IF 2.8 Pub Date : 2019-12-09 eCollection Date: 2019-01-01 DOI: 10.2147/BLCTT.S231821
Catherine Lai, Adrese Michael Kandahari, Chaitra Ujjani

The arrival of the CD30 directed antibody-drug conjugate, brentuximab vedotin (BV), has altered the approach to patients with classical Hodgkin lymphoma. Since initial approval in 2011, BV has been extensively studied in previously untreated and relapsed/refractory patients. Treatment indications for the antibody-drug conjugate have been expanded from the previously treated population to include maintenance therapy after autologous stem cell transplantation and recently, combination with chemotherapy in newly diagnosed advanced stage patients.
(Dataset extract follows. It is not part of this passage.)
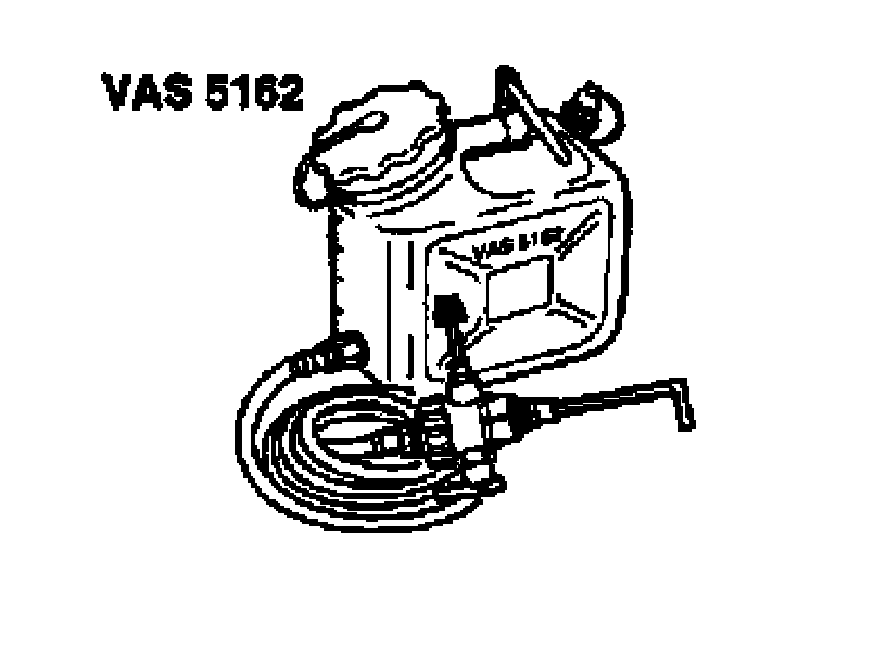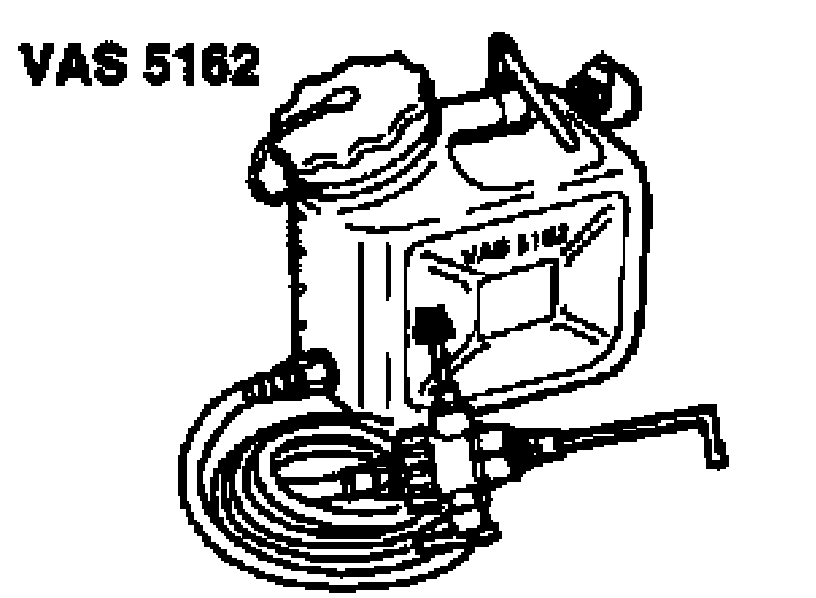 - Attach filled reservoir of ATF charging device VAS 5162 at highest possible point on vehicle.

This article will review the evolution of BV in classical Hodgkin lymphoma, detailing the studies that led to the approved indications and discussion of recent trials in combination with chemotherapy and immunotherapy.

CD30定向抗体-药物偶联物brentuximab vedotin (BV)的出现改变了经典霍奇金淋巴瘤患者的治疗方法。自2011年首次批准以来,BV已在未经治疗和复发/难治性患者中进行了广泛的研究。抗体-药物结合物的治疗适应症已经从以前的治疗人群扩展到包括自体干细胞移植后的维持治疗,以及最近新诊断的晚期患者的化疗联合治疗。本文将回顾经典霍奇金淋巴瘤BV的演变,详细介绍导致批准适应症的研究,并讨论最近联合化疗和免疫治疗的试验。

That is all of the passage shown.